Which is a long-winded way of coming round to saying that if all definitions are transient, and concepts don't exhaust the things they fail to conceptualise, then, although art is art, tautologically and self-evidently, that is only so formed in the division of labour where fission and separation are the rule. It might be, as I've hoped out loud, that art, existing as it does in unfreedom, imperfect and broken, might occupy, transiently perhaps, a breathing space; a testing-ground where matter can be changed, without it mattering over-much; and where our minds might be changed as a necessary result.

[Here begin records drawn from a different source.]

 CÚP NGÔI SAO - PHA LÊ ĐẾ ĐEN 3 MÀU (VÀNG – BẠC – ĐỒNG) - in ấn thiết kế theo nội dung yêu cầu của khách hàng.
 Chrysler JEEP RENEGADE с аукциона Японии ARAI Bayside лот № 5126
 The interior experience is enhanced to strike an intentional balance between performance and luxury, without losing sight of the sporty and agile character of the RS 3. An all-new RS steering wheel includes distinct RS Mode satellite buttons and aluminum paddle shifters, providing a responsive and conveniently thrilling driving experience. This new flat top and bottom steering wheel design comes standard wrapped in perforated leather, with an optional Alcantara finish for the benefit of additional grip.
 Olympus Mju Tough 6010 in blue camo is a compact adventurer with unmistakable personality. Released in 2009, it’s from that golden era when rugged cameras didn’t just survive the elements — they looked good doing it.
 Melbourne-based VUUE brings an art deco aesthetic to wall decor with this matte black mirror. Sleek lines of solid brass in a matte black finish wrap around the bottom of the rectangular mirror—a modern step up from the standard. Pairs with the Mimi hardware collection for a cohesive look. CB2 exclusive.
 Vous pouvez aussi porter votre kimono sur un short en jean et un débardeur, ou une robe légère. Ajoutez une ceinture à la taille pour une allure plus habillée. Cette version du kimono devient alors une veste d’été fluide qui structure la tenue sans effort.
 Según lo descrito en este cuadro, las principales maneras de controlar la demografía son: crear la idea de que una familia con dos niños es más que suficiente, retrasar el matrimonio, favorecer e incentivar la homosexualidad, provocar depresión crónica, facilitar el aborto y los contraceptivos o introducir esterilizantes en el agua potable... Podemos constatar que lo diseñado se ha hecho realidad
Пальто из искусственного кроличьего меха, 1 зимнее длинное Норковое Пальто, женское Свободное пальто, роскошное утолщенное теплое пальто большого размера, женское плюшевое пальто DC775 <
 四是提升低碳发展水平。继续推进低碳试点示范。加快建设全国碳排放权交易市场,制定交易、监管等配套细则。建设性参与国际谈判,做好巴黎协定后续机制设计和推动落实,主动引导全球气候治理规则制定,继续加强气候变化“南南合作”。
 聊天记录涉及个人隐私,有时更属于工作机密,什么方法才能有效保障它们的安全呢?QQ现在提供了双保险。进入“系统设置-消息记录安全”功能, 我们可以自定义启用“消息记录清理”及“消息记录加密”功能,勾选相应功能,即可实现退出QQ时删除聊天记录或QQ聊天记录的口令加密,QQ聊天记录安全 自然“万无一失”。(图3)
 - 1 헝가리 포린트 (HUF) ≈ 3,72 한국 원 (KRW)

I said at the beginning that I wouldn't quote poetry openly; and yet, to be dialectical, I was both truthful and lying. Louis Zukofsky, one-time Marxist and close reader of Marx, spent three years working on the first half of a short poem; it doesn't fill three pages. Yet it has the densest, richest structure – chiefly rhyme-based – of any poem in English that I know of. This is partly because it draws exactly on a canzone by Dante's friend Cavalcanti, and reproduces its metre and rhyme-scheme precisely. English having far fewer rhyme-words than Italian, the result is a real tour-de-force. In these words which rhyme [...] song's exaction forces abstraction to turn from equated values to labour.... The poem is a made, shaped thing; material – for a poem's atoms are as much a matter of fact as those in a sculpture or painting – and permeated by intellect. Hands, heart, not value, made it. Worked slowly – three years – because nearly all the vocabulary, much of which you've already met in what I've already said – comes directly from works by Marx. Not that I'm (wholeheartedly) a Marxist; not that it would matter if I was. More that this poem is the best exemplar of Baumgarten that I know; that, however briefly, to whatever small degree, it unifies the production of hand and brain; and finally that, although it is undoubtedly art, and its art is art, it, like all other art, has a profound connection to, a profound bearing on, all the everything else of which it turns out not to be an 'else' to, to be wholly other than; of which it turns out to be decidedly a part.
for Ben Watson
My concern here has been wholly unconnected with the other reading of the first half Of "A"-9, namely the exegetical. Those keen to know more about the relationship between the poem and the writings of Marx (and Cavalcanti) are urged to consult Barry Ahearn's “Zukofsky's “A”: An Introduction” (Berkeley, 1983) and Mark Scroggins' “Upper Limit Music: The Writing of Louis Zukofsky” (Tuscaloosa, 1997), as well as Peter Quartermain's essay ' “Not at All Surprised by Science”: Louis Zukofsky's First Half of "A"' (in ed. Carroll F. Terrell, Louis Zukofsky Man and Poet, Orono, ME, 1979).